Note that, in the case where zero-cross points are detected as the feature points, if the absolute value of a time difference between the feature point of one head-related transfer function and the feature point of the other head-related transfer function is the predetermined time difference threshold or less, the delay amount calculation unit 23 may set the two feature points as a pair of feature points corresponding to each other.

By obtaining pairs of feature points as described above, the delay amount calculation unit 23 enables feature points corresponding to each other between two head-related transfer functions to be accurately included in the same pair of feature points.

FIG. 3 is a diagram illustrating an example of pairs of corresponding feature points for two head-related transfer functions used for interpolation. In FIG. 3, the horizontal axis represents the elapsed time, while the vertical axis represents the value of the head-related transfer function. A waveform 301 illustrates one (sound source direction θm) of the two head-related transfer functions used for interpolation, while a waveform 302 illustrates the other one (sound source direction θn) of the two head-related transfer functions used for interpolation.

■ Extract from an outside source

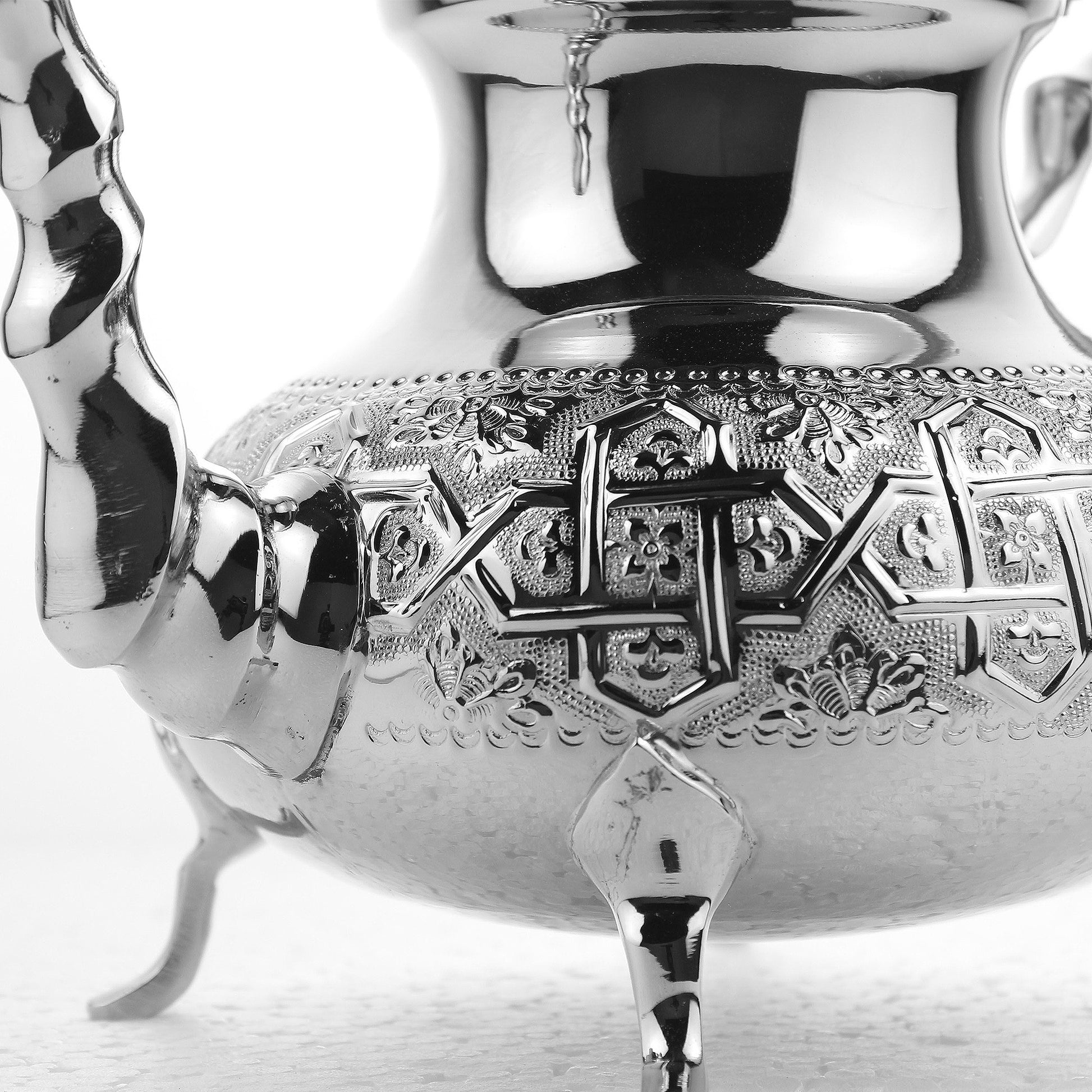 Avec sa grande anse elle est facile à prendre en main et son long bec verseur permet de verser et d'aérer le thé et la menthe d'une manière optimale lors de vos repas de famille ou lorsque vous recevez du monde. Enfin, les motifs gravés sont martelés à la main pour un rendu tout simplement exceptionnel.

In this example, elapsed times {m₀, m₁, m₂, m₃, m₄} corresponding to respective local maximum values in the head-related transfer function 301 are detected as feature points, respectively. Likewise, elapsed times {n₀, n₁, n₂, n₃, n₄} corresponding to respective local maximum values in the head-related transfer function 302 are detected as feature points, respectively. Then, feature point pairs {m₀, n₀}, {m₁, n₁}, {m₂, n₂}, {m₃, n₃}, and {m₄, n₄} are obtained, wherein the absolute value of a difference in value between the feature points is the amplitude difference threshold or less and the absolute value of a time difference between the feature points is the time difference threshold or less between the head-related transfer functions 301 and 302.

Note that, as in a modified example of the above example, when the local maximum values each having the absolute value of the predetermined amplitude threshold Th or more, among the respective local maximum values of the head-related transfer functions, are detected as the feature points, {m₀, n₀}, {m₁, n₁}, {m₂, n₂}, and {m₃, n₃} are detected as the feature point pairs.

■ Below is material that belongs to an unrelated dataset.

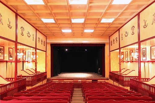 «O primeiro teatro foi demolido e o que se construiu em 1851 tinha o pano-de-boca e o teto pintados por Rousseau. Quando foi aumentado, foram substituídas essas pinturas, que infelizmente desapareceram. O atual pano foi pintado por João Cazeaux, desenhador na Fábrica (…). No teatro representam empregados e operários da fábrica, que têm levado à cena muitas comédias e operetas. “Os Milagres de Santo António” é uma das peças que mais sucesso tem tido. Já se representou o “D. César de Bazan”. Alguns operários e operárias recitam poesias e monólogos»…

For each feature point pair, the delay amount calculation unit 23 calculates a delay amount of the feature point in one head-related transfer function relative to the feature point in the other head-related transfer function. Then, for each elapsed time other than the feature points, the delay amount calculation unit 23 calculates a delay amount of one head-related transfer function relative to the other head-related transfer function at the elapsed time, based on the delay amount for the pair of feature points before and after the elapsed time.

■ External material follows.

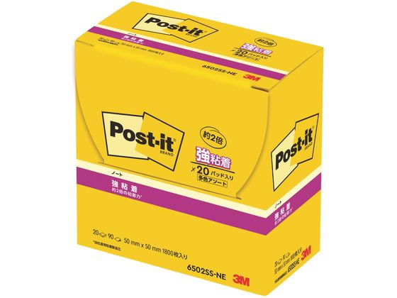 3M 〈ポストイット〉強粘着ノート パワーパック5色20冊 6502SS-NE 1箱(ご注文単位1箱)【直送品】
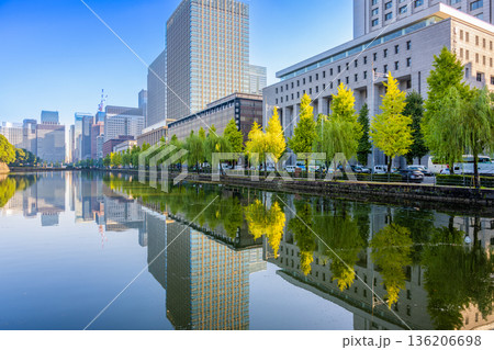 皇居のお堀と水面に映る丸の内・大手町の高層ビル群

FIG. 4 is a diagram illustrating an example of a table illustrating the delay amount at each elapsed time, which is obtained from the feature point pairs illustrated in FIG. 3. In a table 400, each row of the leftmost column illustrates the elapsed time (number of the sampling point). The second column from the left illustrates the elapsed time for each feature point in the head-related transfer function 301, while the third column from the left illustrates the elapsed time of the feature point in the head-related transfer function 302, corresponding to each feature point in the head-related transfer function 301. Each row of the second column from the right in the table 400 illustrates the delay amount of the head-related transfer function 302 relative to the head-related transfer function 301. Note that, in the table 400, the delay amount is indicated by the number of sampling points.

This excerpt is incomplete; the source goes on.